*Your task*:
Word for word, copy the line that contains "검색광고는 키워드 전략이" and each line after it in the data below. Pictures stay out of the copy.

[Extracted records]
:::::
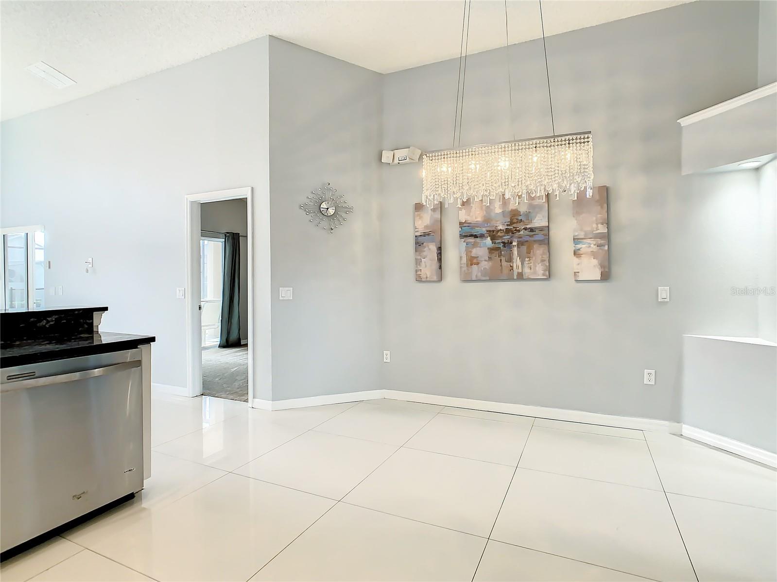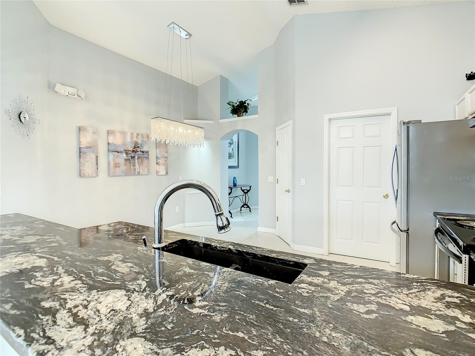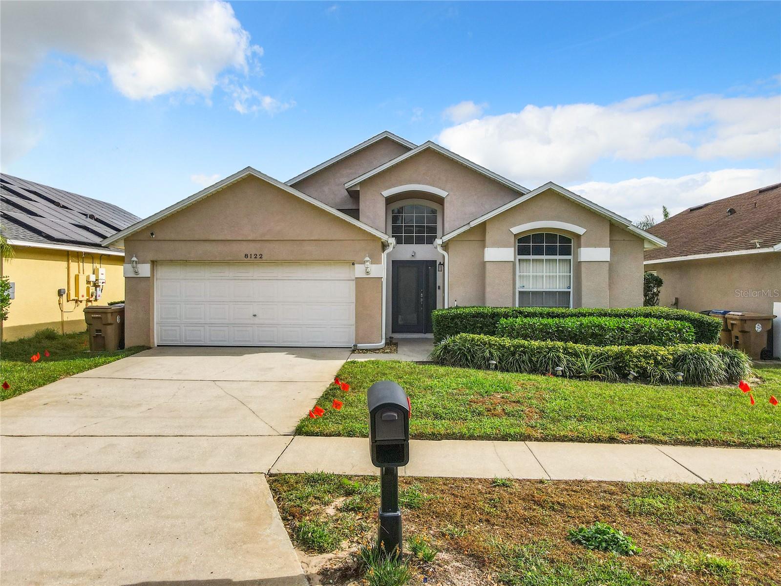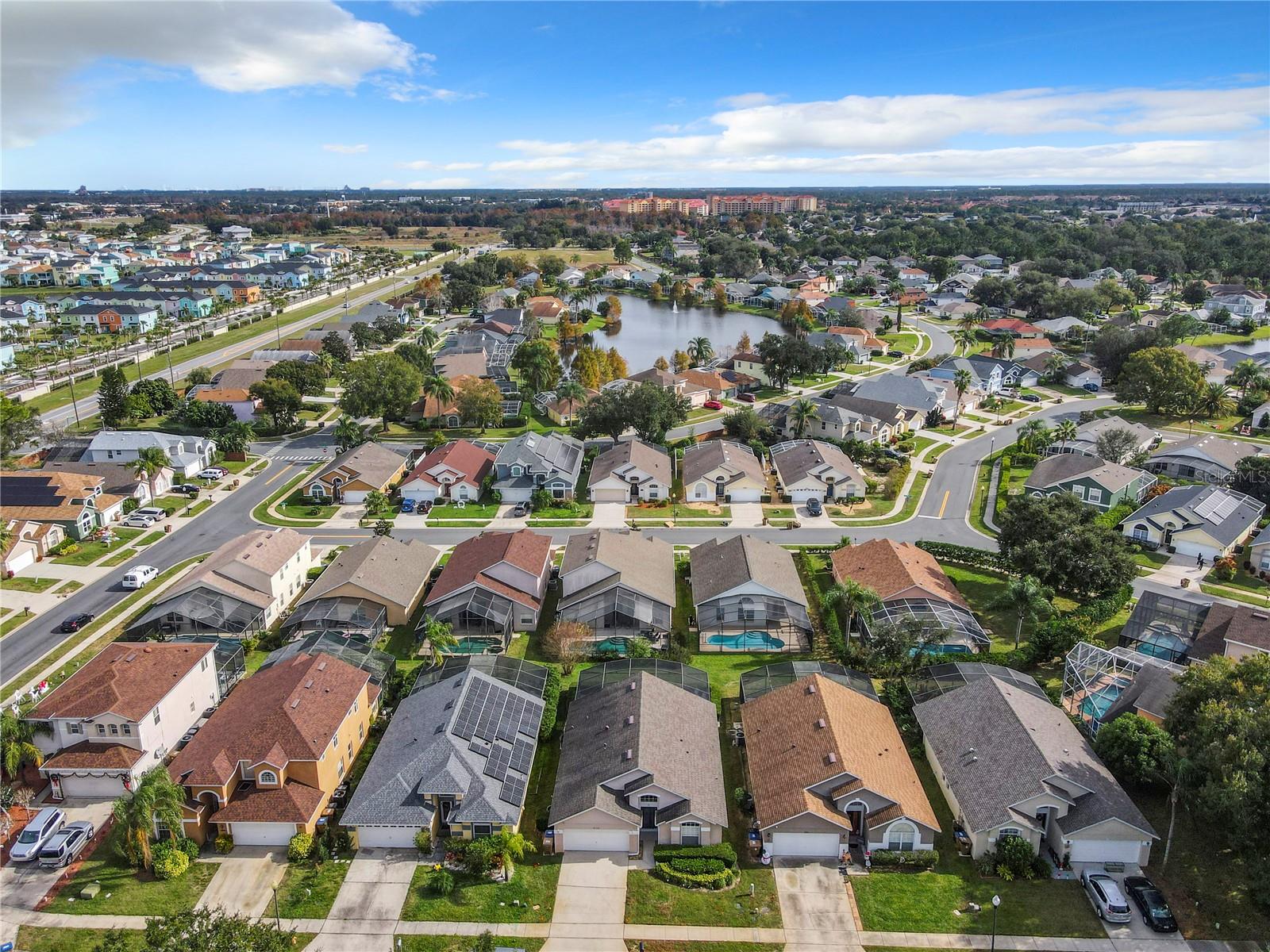 One or more photo(s) has been virtually staged. Meticulously maintained and updated pool home showcases Florida living at its finest. With a new roof in 2017, new hot water heater in 2018 and a new high efficiency Trane A/C unit with heat pump in 2023 this residence boasts an array of high-quality upgrades and a prime location in proximity to the renowned Disney Parks, upscale shopping, and exquisite dining experiences. Step inside to discover a thoughtfully designed floor plan that harmoniously combines modern elegance with functionality. Vaulted ceilings seamlessly connecting open living spaces, ideal for both everyday family life and the potential for a lucrative vacation rental venture. As you enter, be greeted by the sophisticated allure of high-polished 36x36 Kertiles porcelain tile flooring that adorns the spacious foyer, dining room, kitchen, and family room, setting a tone of refined luxury. The intelligently crafted split floor plan offers privacy and convenience, featuring two bedrooms with en-suite bathrooms—one situated at the front and the other at the rear. Newly installed plush carpeting graces all four bedrooms, enhancing comfort and style. The fully renovated kitchen showcases contemporary upgrades. Dark Brazilian granite countertops complement the stylish backsplash, harmonizing flawlessly with stainless steel Cavaliere range hood and Whirlpool appliances, including a French door refrigerator. The kitchen exudes modernity with new cabinet hardware, a pull-down spray Moen faucet, and a dark dual sink that adds a touch of sophistication. This home is adorned with chic crystal light fixtures thoughtfully placed throughout, accentuating its inherent beauty. Step outside to the private screened pool area with plenty of space to enjoy the Florida sunshine or relax under the covered patio, complete with a ceiling fan for added comfort, while lush hedges envelop the screen enclosure, providing an extra layer of privacy to enjoy moments of serenity and leisure.
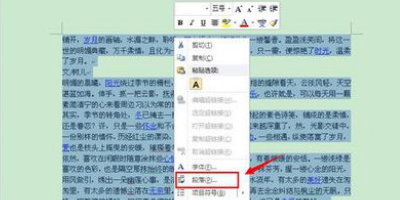 1、首先将microsoft word文档打开,右键选中需要设置的段落。
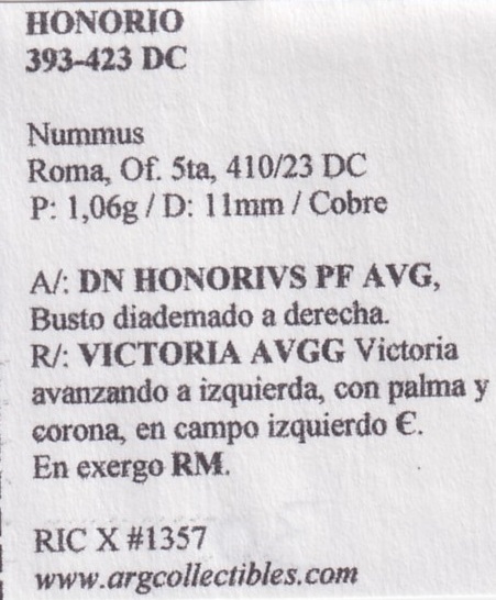 Imperio Romano Moneda Honorio (393-423) Nummus RIC X-1357
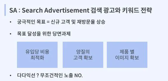 검색광고는 키워드 전략이 매우 중요해요. 신규 고객 및 재방문율 상승이라는 목표를 달성하기 위해 무조건적인 노출보다는 비용을 고려하여 광고비 대비 매출액을 뜻하는 ROAS를 최적화할 필요가 있어요.
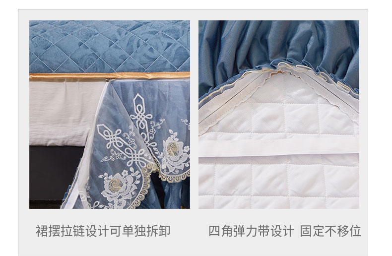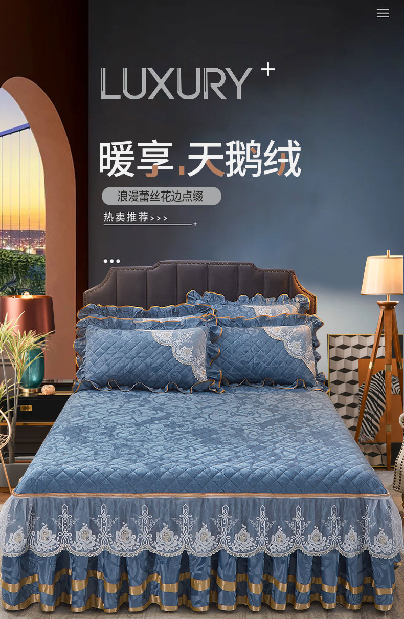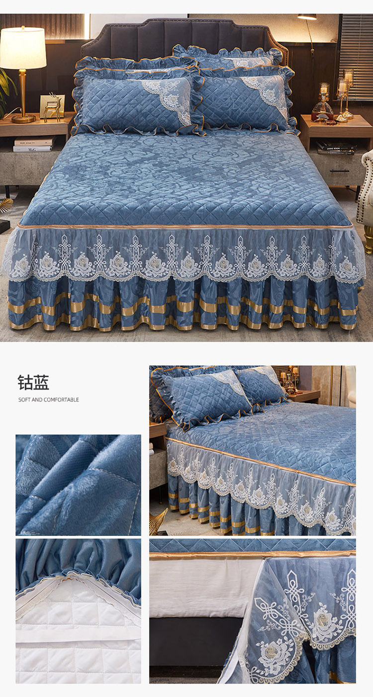 恋尚 2023新款天鹅绒可脱卸夹棉床裙 床盖四件套 床裙 钴蓝
:::::
*Task solution*:
 검색광고는 키워드 전략이 매우 중요해요. 신규 고객 및 재방문율 상승이라는 목표를 달성하기 위해 무조건적인 노출보다는 비용을 고려하여 광고비 대비 매출액을 뜻하는 ROAS를 최적화할 필요가 있어요.
 恋尚 2023新款天鹅绒可脱卸夹棉床裙 床盖四件套 床裙 钴蓝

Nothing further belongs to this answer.